Home / ireland / Garda questioned about farm research at Quirke process

Garda questioned about farm research at Quirke process



A garda who was part of a search team for DJ Bobby Ryan, told a murder trial that Patrick Quirke told him that two slurry tanks were the only ones on the farm.

Garda Conor Ryan gave evidence in the trial against Patrick Quirke of Breanshamore, Co Tipperary, accused of having killed Bobby Ryan, a part-time DJ known as Mr. Moonlight.

Mr. Quirke has not pleaded guilty to the murder of Ryan in an unknown location on a date between June 3, 2011 and April 30, 2013.

Ryan's body was discovered by Mr. Quirke at Mary Lowry's farm in Fawnagowan, Co. Tipperary.

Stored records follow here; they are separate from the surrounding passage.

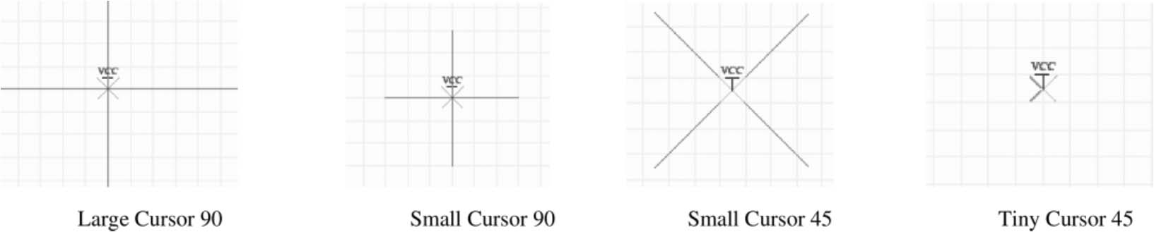 在图形编辑界面中,可以对光标进行设置,包括光标在绘图时、放置元器件时、放置导线时的形状。
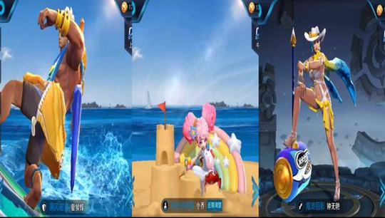 这3款皮肤都是去年夏季出的皮肤,他们组成的海滩之家那周瑜是不是要叫夏侯惇和钟无艳岳父岳母了呢。
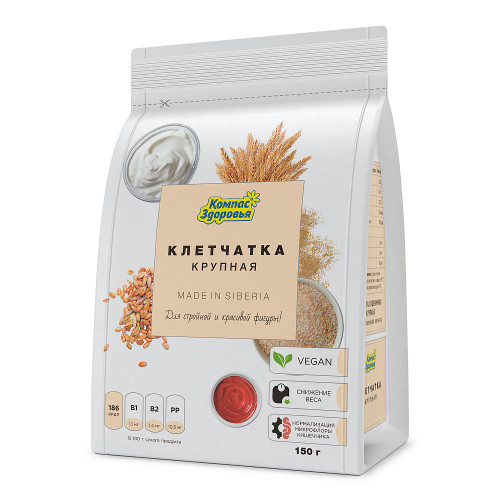 На основе: Пшеницы Состав: клетчатка пшеничная. Энергетическая ценность: 186 Ккал/780 КДж Масса: 150 гр. Противопоказания: Индивидуальная непереносимость Способ применения: Рекомендуется принимать 1-2 ст. ложки клетчатки на 1 стакан жидкости (добавлять в йогурт, кефир, сок, бульон, жидкий соус) Условия хранения: хранить при температуре не выше 25 °С в сухом месте Срок годности: 12 месяцев
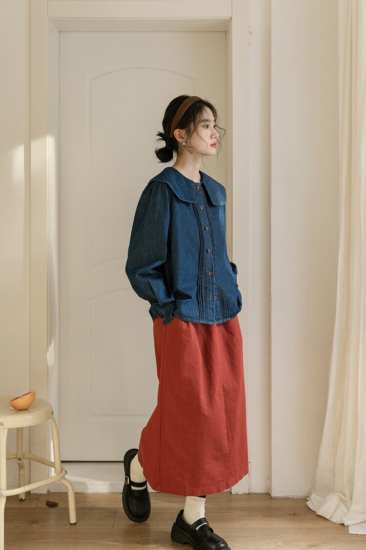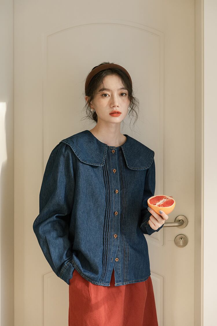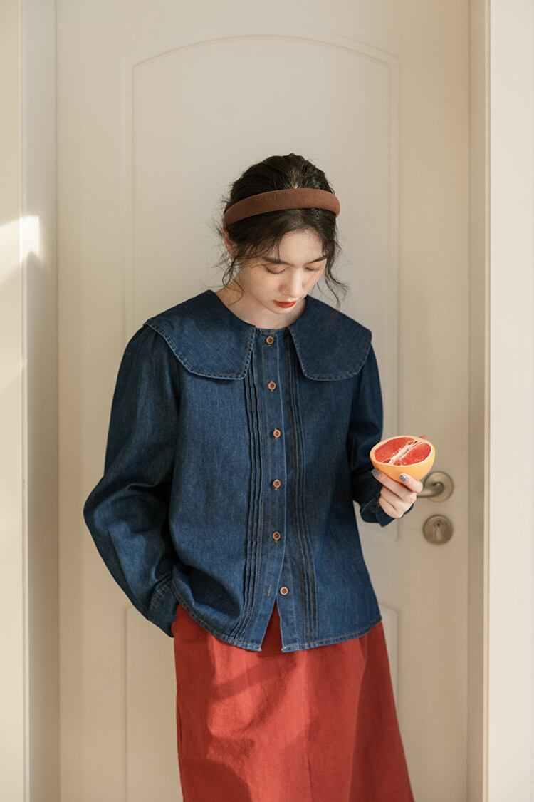 トレンド感溢れる丸襟がポイントのデニムブラウス*
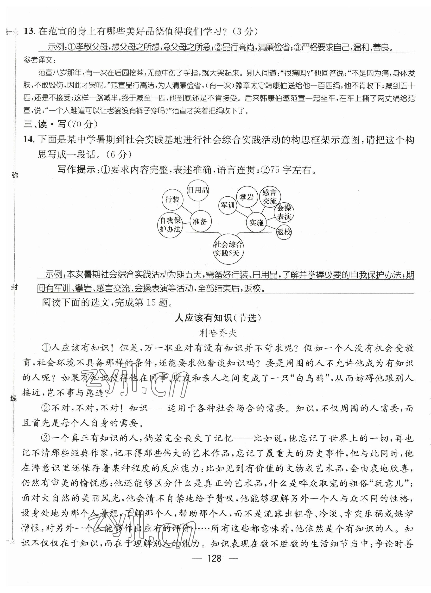 注:目前有些书本章节名称可能整理的还不是很完善,但都是按照顺序排列的,请同学们按照顺序仔细查找。练习册 2023年名师测控九年级语文下册人教版山西专版 答案主要是用来给同学们做完题方便对答案用的,请勿直接抄袭。
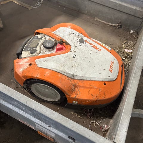Velfungerende robotklipper. Beregna for tomter opp til 3500 m2. Denne har gått feilfritt i 3 sesonger uten problemer med klipper, MEN har gått på en tomt med ett alt for krevende terreng. Forsøkt og oppgradere til terreng hjul uten at det ble den største suksessen. Selges grunnet overgang til leddstyrt 4x4 klipper. Selv den sliter enkelte plasser der denne har gått tidligere.
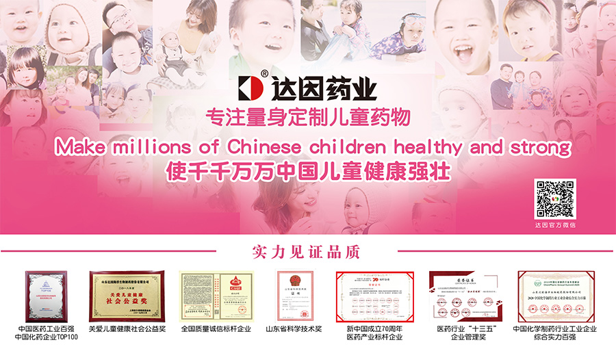 山東達(dá)因海洋生物制藥股份有限公司(簡(jiǎn)稱(chēng)達(dá)因藥業(yè)),是中國(guó)醫(yī)藥企業(yè)管理協(xié)會(huì)兒童用藥專(zhuān)業(yè)委員會(huì)主任委員單位,以“使千千萬(wàn)萬(wàn)中國(guó)兒童健康強(qiáng)壯”為使命,專(zhuān)注于兒童健康領(lǐng)域產(chǎn)品研發(fā)、生產(chǎn)和市場(chǎng)營(yíng)銷(xiāo),以專(zhuān)業(yè)和責(zé)任捍衛(wèi)兒童用藥安全,在兒科專(zhuān)業(yè)用藥領(lǐng)域取得了良好的口碑和覆蓋率,樹(shù)立了中國(guó)兒童用藥的旗幟地位。達(dá)因藥業(yè)產(chǎn)品線涉及兒童藥品、兒童保健食品和兒童營(yíng)養(yǎng)食品、兒童健康用品等領(lǐng)域,形成了以“兒童保健和治療”領(lǐng)域?yàn)楹诵牡膬和】诞a(chǎn)業(yè)布局。
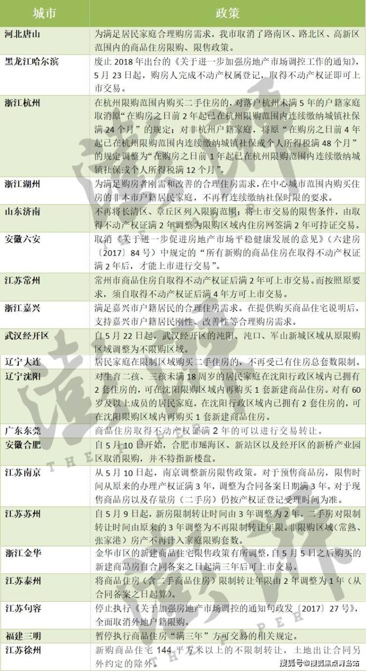 据澎湃新闻不完全统计,今年5月以来,包括河北唐山、黑龙江哈尔滨、浙江杭州、浙江湖州、山东济南、安徽六安、江苏常州、浙江嘉兴、武汉经开区、辽宁大连、辽宁沈阳、广东东莞、安徽合肥、江苏南京、江苏苏州、江苏泰州、江苏句容、浙江金华、福建三明、江苏徐州等20余城出台楼市新政,直指放开或调整限购及限售政策。以黑龙江哈尔滨为例,5月23日,哈尔滨市人民政府发布通知,宣布废止2018年出台的《关于进一步加强房地产市场调控工作的通知》。通知指出,2018年印发的通知已完成阶段性调控使命,继续实施区域性限售将导致一部分购房者购买的商品房无法上市交易,抑制了改善性购房需求的释放,不利于哈尔滨市房地产市场发展的需要,因此予以废止。即日起,购房人完成不动产权属登记,取得不动产权证即可上市交易。
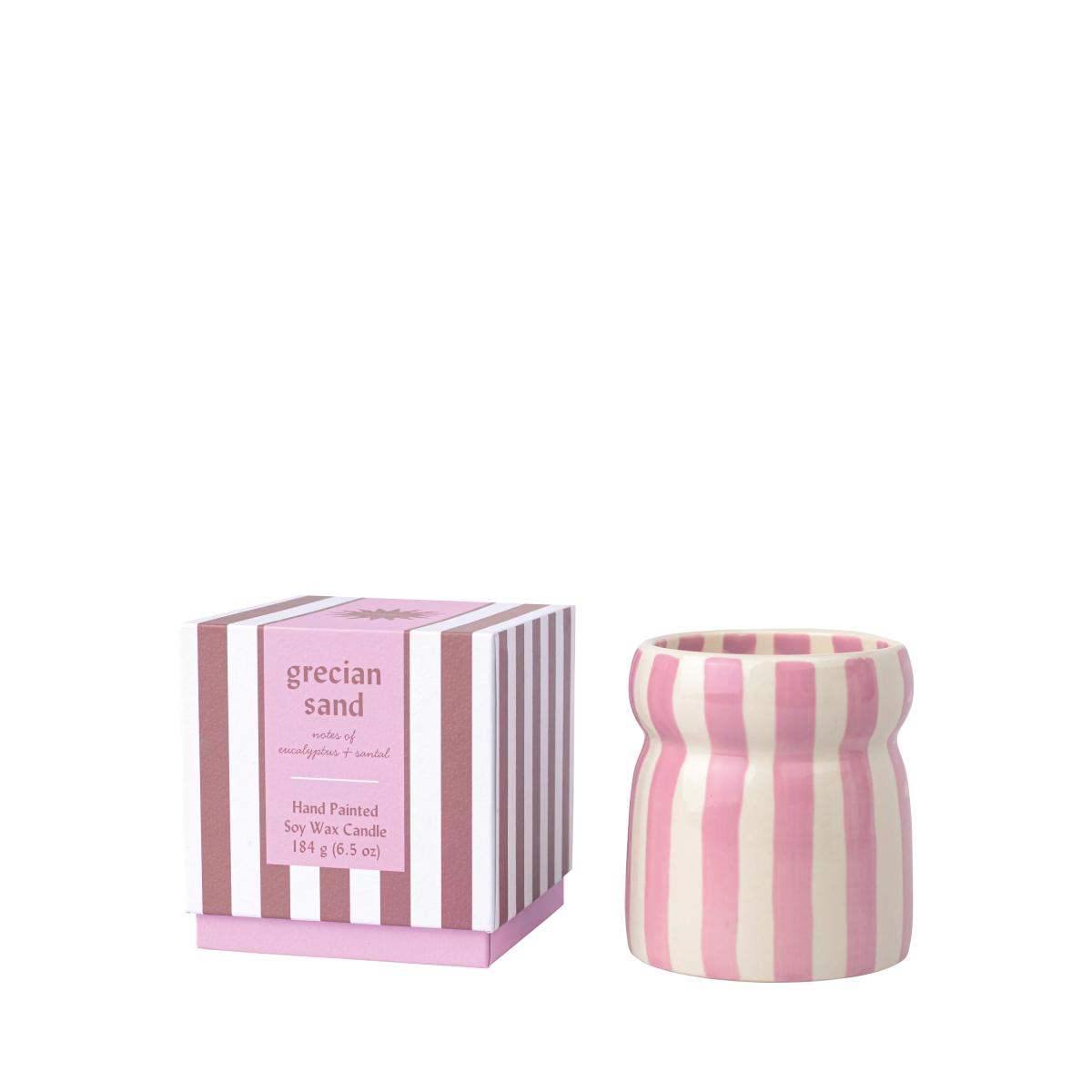 This little candle is perfect for adding a relaxed, beachy vibe to both modern and coastal interiors. I love it styled on a neutral tray alongside woven textures or with seaside-inspired accessories to enhance its Grecian Sand scent. Its soft pink and cream striped ceramic vessel works well in light-filled spaces, adding a touch of colour without overpowering. Practical styling tips include grouping it with other candles of varying heights for impact or placing it on a side table with a stack of coffee table books for a casual yet considered look. Its sizeable 439g offering makes it ideal for creating a warm, inviting atmosphere in living areas or bathrooms, especially if you’re aiming for a laid-back, Mediterranean feel.
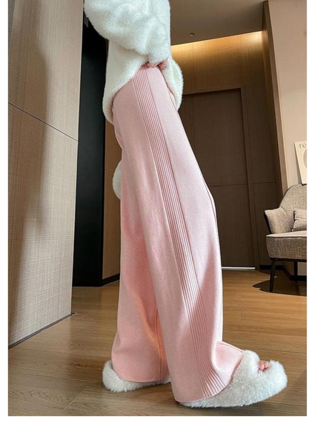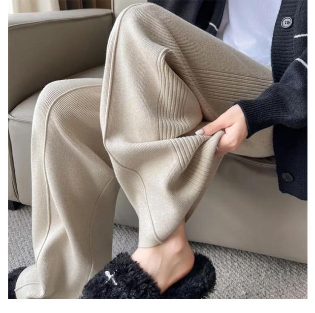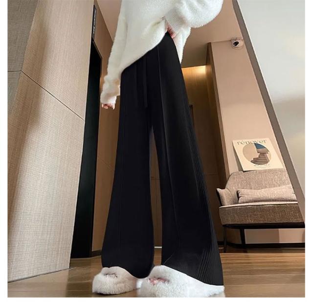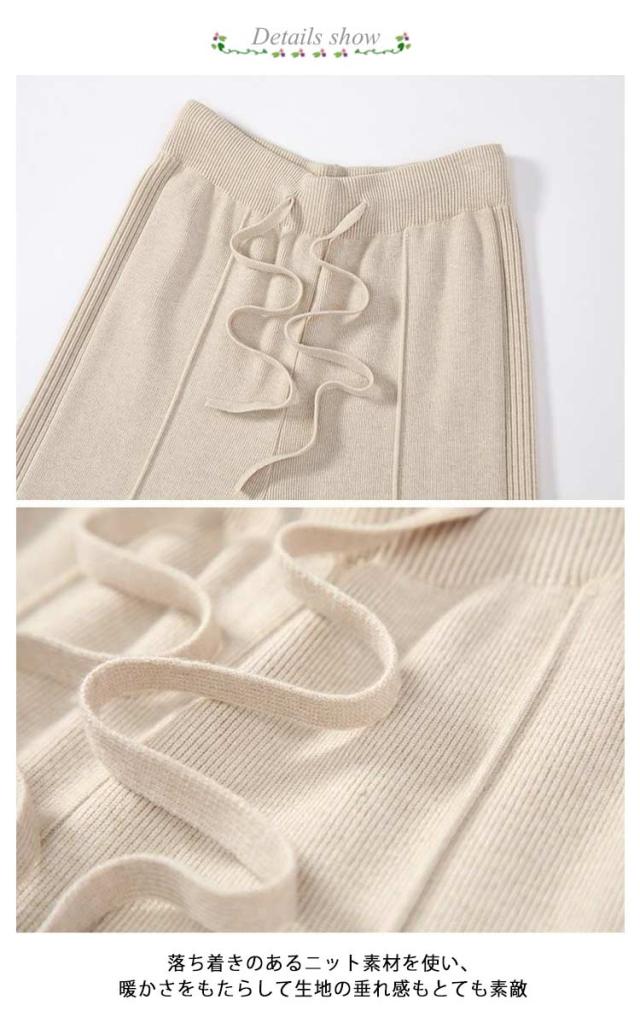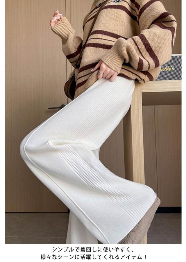 レディース ワイドパンツ ロングパンツ ニット 秋冬 ボトムス ワイドパンツ リブニット ウエストゴム フレアパンツ ニット パンツ ズボン ゆったり 美脚 おしゃれ おしゃれ 大人
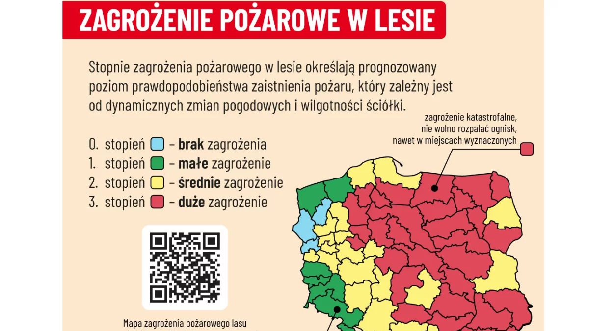 Panuje bardzo niska wilgotność ściółki leśnej, trwa susza po zimie, często wieje porywisty wiatr, który szybko rozprzestrzenia ogień. Większość Polski ma co najmniej wysoki poziom zagrożenia pożarowego, a szczególnie niebezpiecznie jest na wschodzie i w centrum kraju.
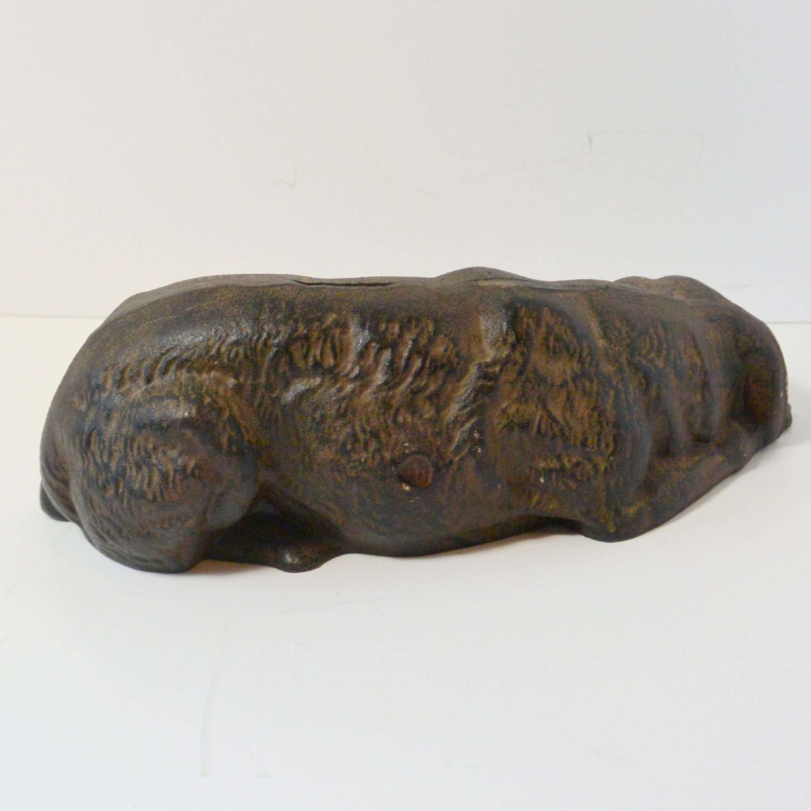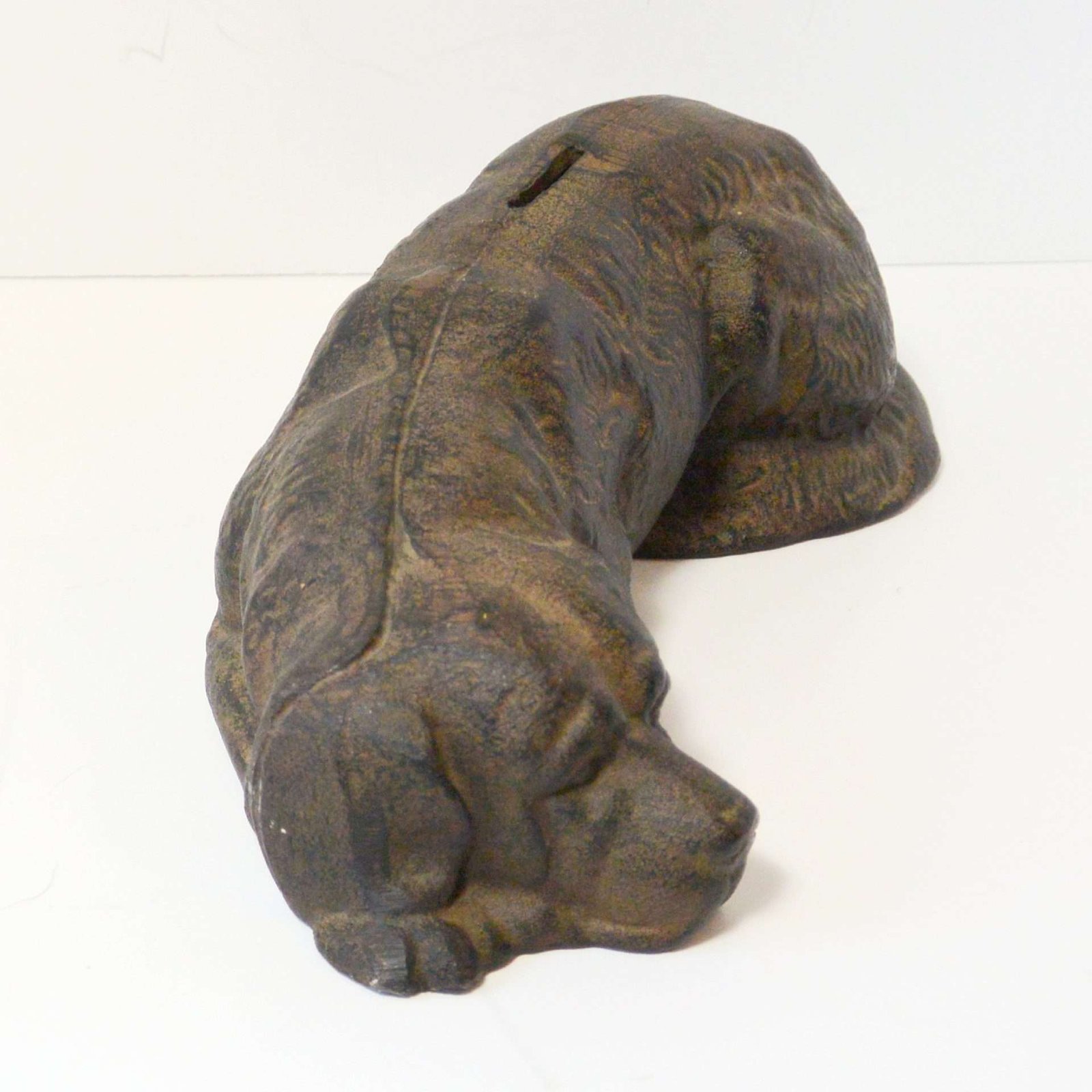 This unique and wonderful, antique cast iron still bank was created to look like a Newfoundland dog at rest.
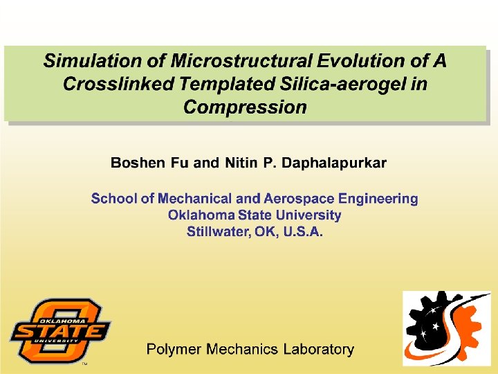 Crosslinked Silica Aerogel – MPM Simulation Flexural Modulus Estimation Weight ratio( Polymer: Silica)=70%: 30% Density of polymer = 1. 2 g/cc Density of silica = 2. 6 g/cc Modulus of polymer = 2 Gpa Modulus of silica =70 Gpa The volume ratio( Polymer: Silica) ≈5: 1 The dimensionless radius of the model R=6 Based on the bending equation for the composite material The silica-aerogel modulus is about 3. 889 Gpa
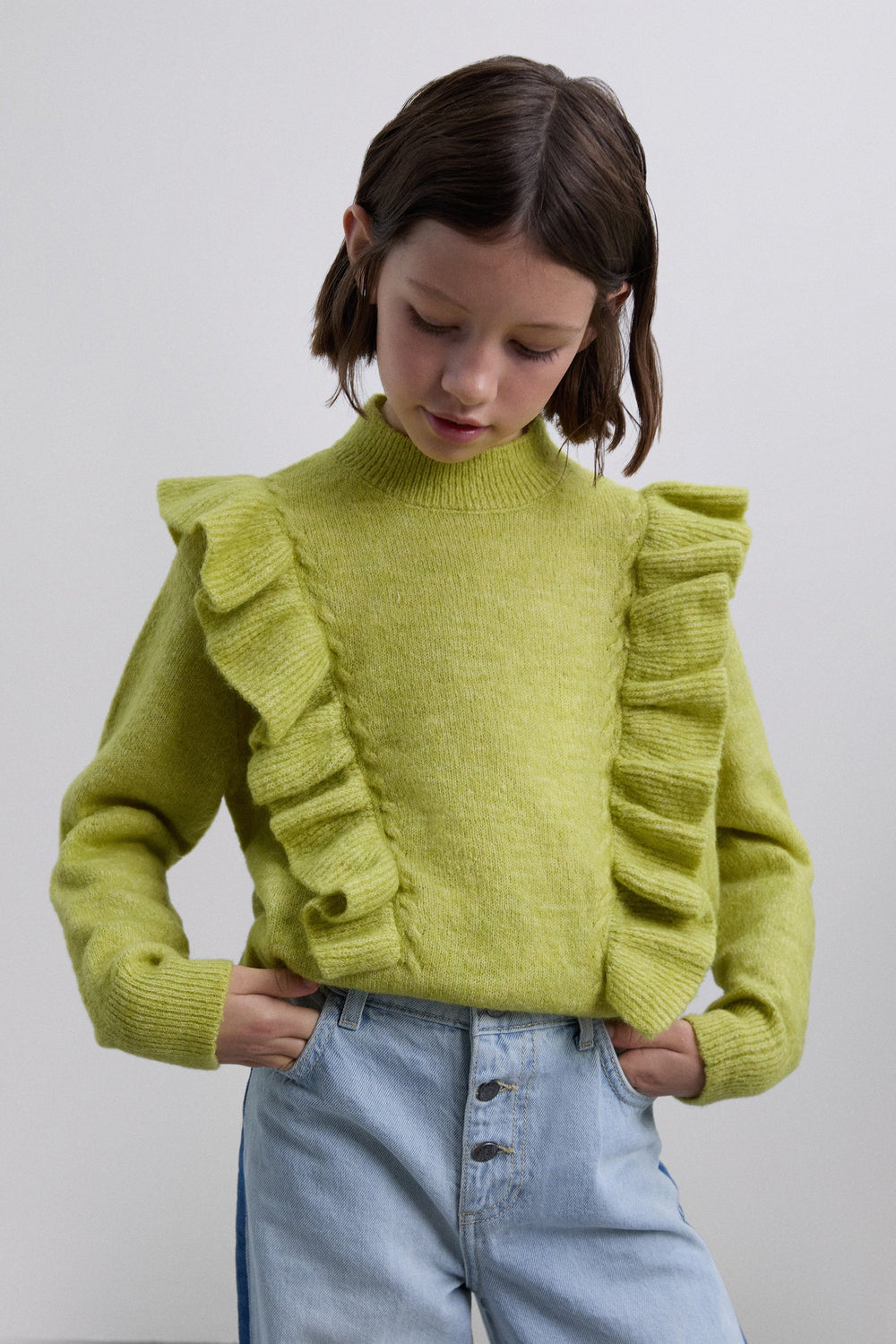 Trui gemaakt van synthetische mix. Lange mouw. Regular fit. Licht hoge kraag en geribde mouwen. Volants aan de voorkant.

Garda Ryan said that on June 7, 2011 he participated in house searches on the farm in Fawnagowan. A few days later, his superiors arranged that he would observe the manure tanks on the farm that had been emptied by Patrick Quirke.

He said that a slurry tank in a slatted floor was empty and that a second open tank had a small amount of slurry in it that was sucked out and spread across the land.

He said that Quirke's attitude was "calm" that day and that he told him that these were the only two tanks on the farm.

During cross-examination, however, it was suggested that the question he asked Mr. Quirke was whether there were other manure tanks on the farm. Garda Ryan said that he could have asked him.

He agreed that he could not say exactly on which day he visited the farm for emptying the manure tank, nor exactly on what day he received his instructions.

He agreed with counsel Bernard Condon that he had not made notes on this day and that he did not know when he made his statement about the events of that day.

He was shown a copy of the & # 39; jobs book & # 39; which stated that the task was completed on June 7th. Asked if he was wrong about the date on which he said no, but he could not say on what date the manure tanks were empty.

Asked when he made his statement about what had happened that day, Garda Ryan said he could not say. Mr. Condon told him that it was much more likely that the statement was made more than two years later. Garda Ryan said that he could not say.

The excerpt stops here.